Print the lines below from the line with "(a) Representative schematic" to the line with "Blue Zigzag Sunflower Men's Bomber Jacket-grizzshopBlue" exactly, keeping both ends, and print no pictures.
(Data supplied begins)
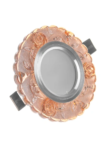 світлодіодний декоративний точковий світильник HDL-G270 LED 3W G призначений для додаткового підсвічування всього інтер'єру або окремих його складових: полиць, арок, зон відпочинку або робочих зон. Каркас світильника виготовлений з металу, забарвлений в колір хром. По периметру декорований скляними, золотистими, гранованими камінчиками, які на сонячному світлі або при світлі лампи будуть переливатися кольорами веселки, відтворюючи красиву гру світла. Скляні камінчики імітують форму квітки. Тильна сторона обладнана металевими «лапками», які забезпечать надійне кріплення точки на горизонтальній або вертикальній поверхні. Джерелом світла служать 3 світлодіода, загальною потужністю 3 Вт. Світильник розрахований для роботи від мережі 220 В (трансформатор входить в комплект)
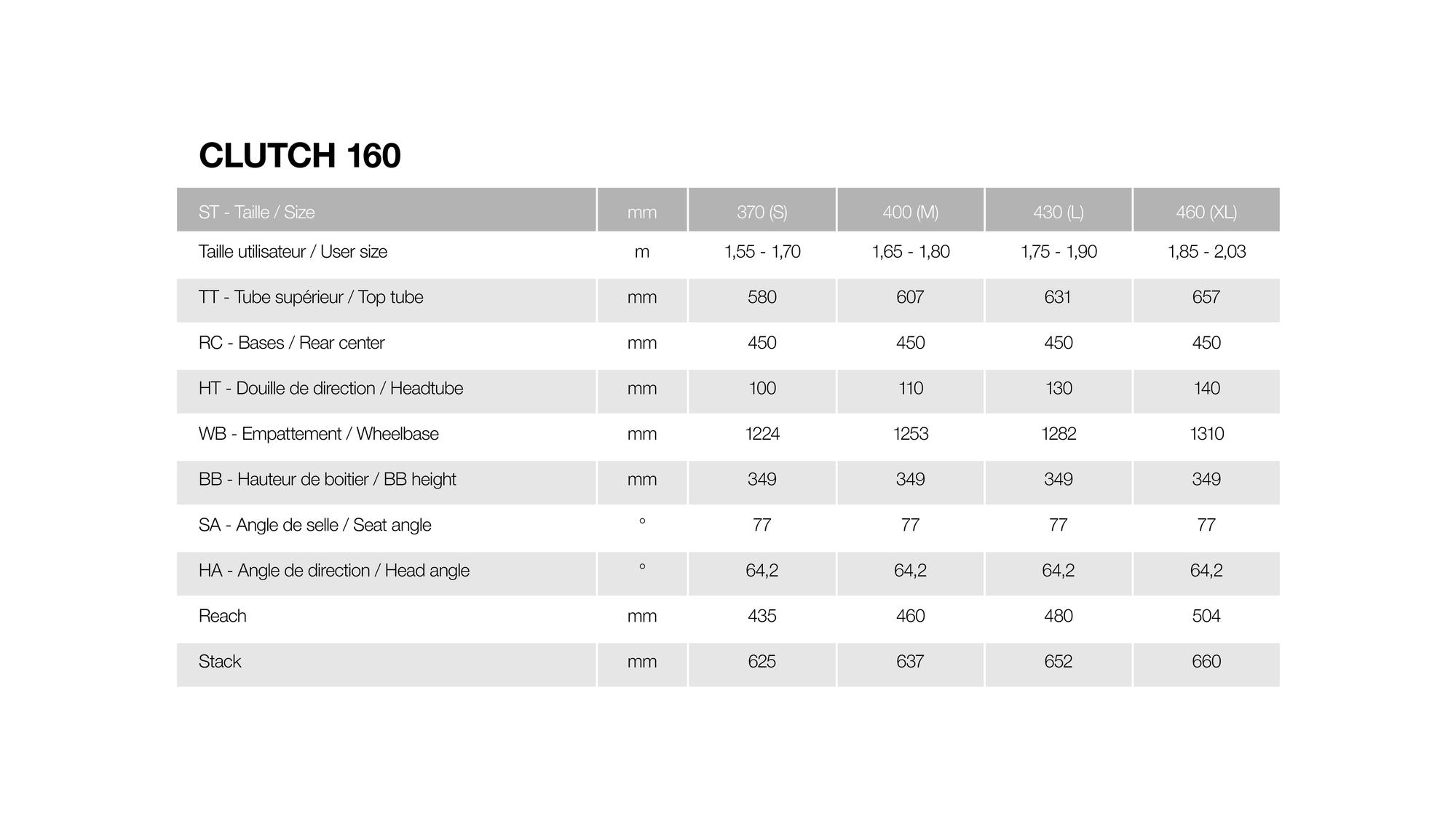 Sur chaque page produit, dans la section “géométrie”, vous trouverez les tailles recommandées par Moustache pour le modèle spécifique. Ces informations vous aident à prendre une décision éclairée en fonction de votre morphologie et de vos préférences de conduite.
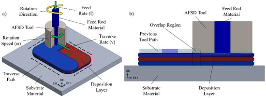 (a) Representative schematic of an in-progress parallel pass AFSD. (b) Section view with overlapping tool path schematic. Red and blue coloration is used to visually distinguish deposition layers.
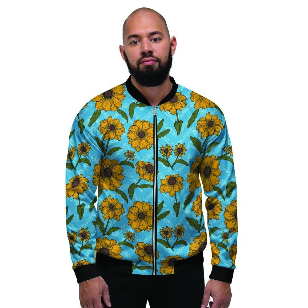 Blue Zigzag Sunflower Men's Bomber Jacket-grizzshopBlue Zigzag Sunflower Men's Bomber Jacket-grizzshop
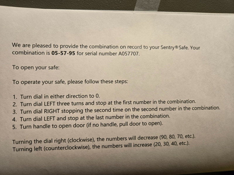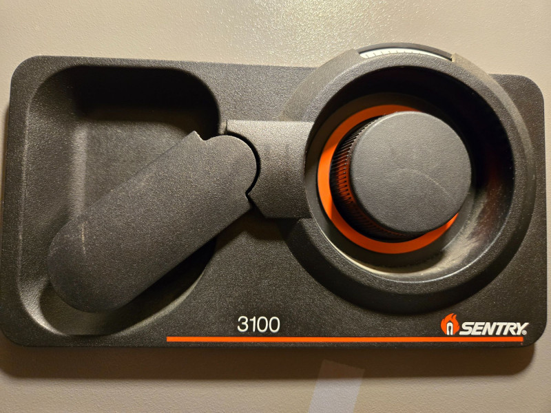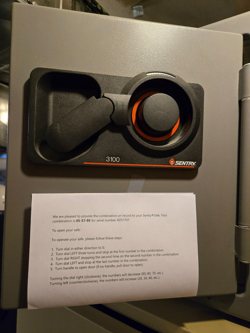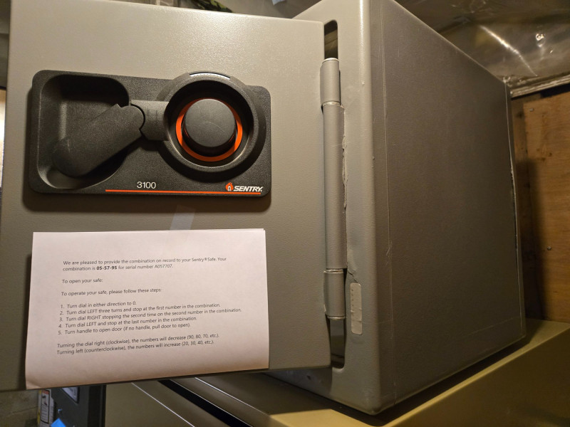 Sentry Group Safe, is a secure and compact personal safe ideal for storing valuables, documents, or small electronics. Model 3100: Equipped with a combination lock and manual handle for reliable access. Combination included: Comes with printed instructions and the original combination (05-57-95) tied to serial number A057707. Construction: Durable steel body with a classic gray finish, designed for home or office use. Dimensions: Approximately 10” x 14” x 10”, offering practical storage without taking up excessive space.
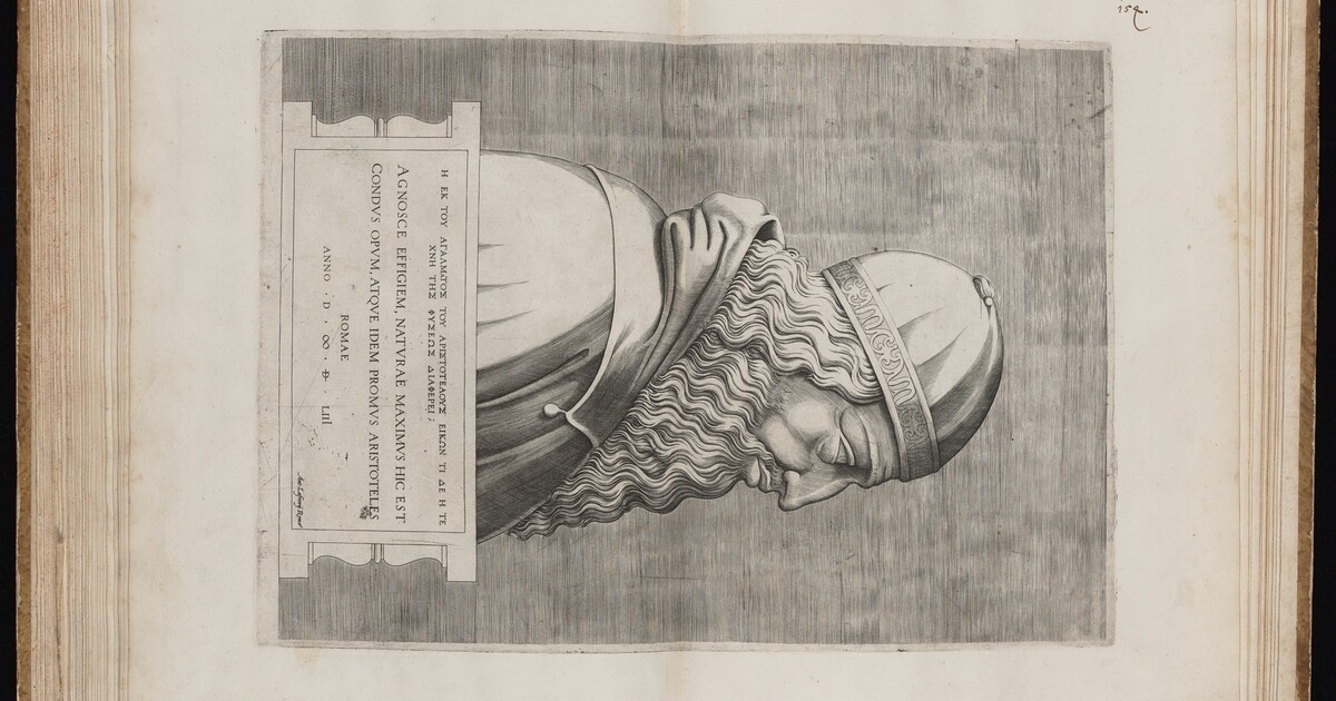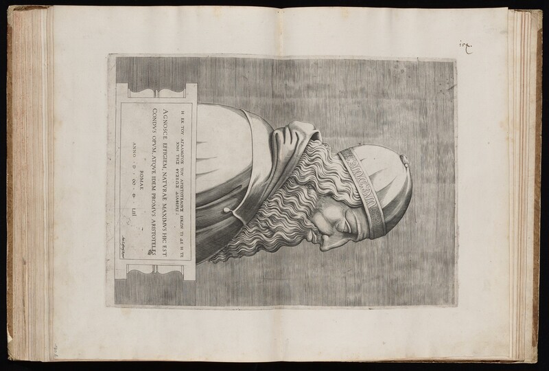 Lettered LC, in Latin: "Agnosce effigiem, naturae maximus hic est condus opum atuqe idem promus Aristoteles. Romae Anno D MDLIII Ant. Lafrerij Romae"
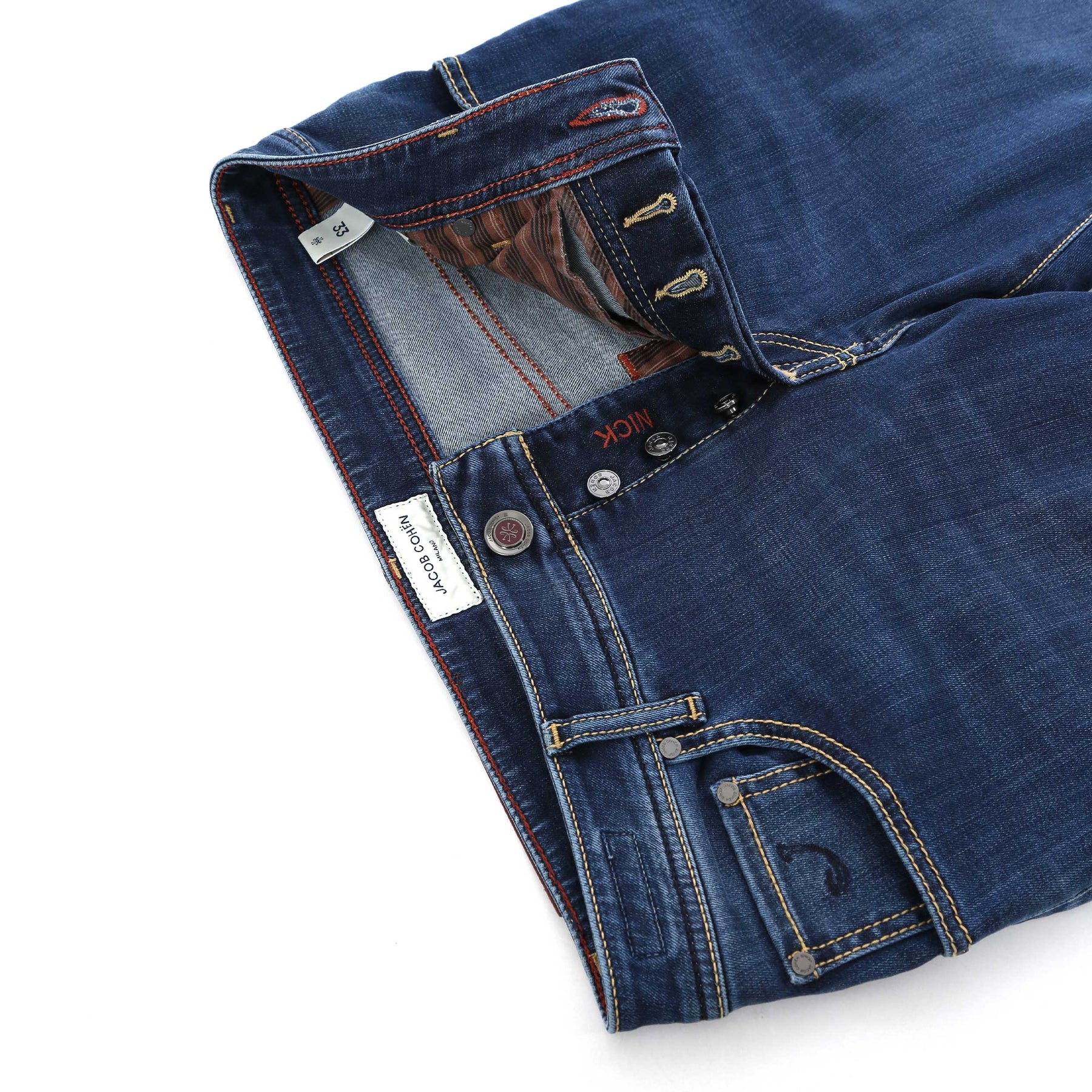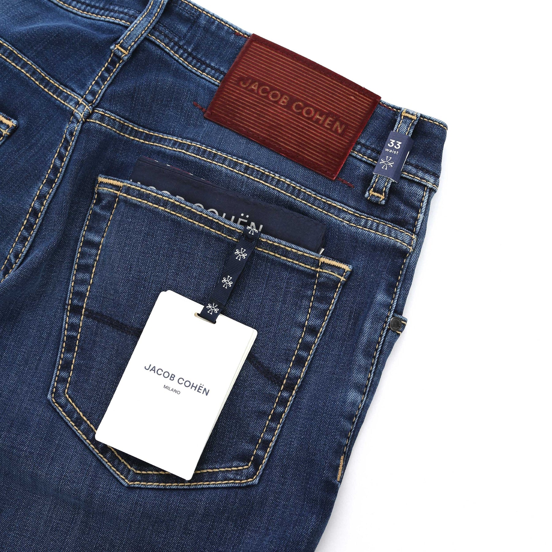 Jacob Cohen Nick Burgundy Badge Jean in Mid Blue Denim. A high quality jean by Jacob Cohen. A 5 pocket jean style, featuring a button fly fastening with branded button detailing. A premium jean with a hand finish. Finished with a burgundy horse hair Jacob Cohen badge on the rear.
(Data supplied ends)
Exercise result:
 (a) Representative schematic of an in-progress parallel pass AFSD. (b) Section view with overlapping tool path schematic. Red and blue coloration is used to visually distinguish deposition layers.
 Blue Zigzag Sunflower Men's Bomber Jacket-grizzshopBlue Zigzag Sunflower Men's Bomber Jacket-grizzshop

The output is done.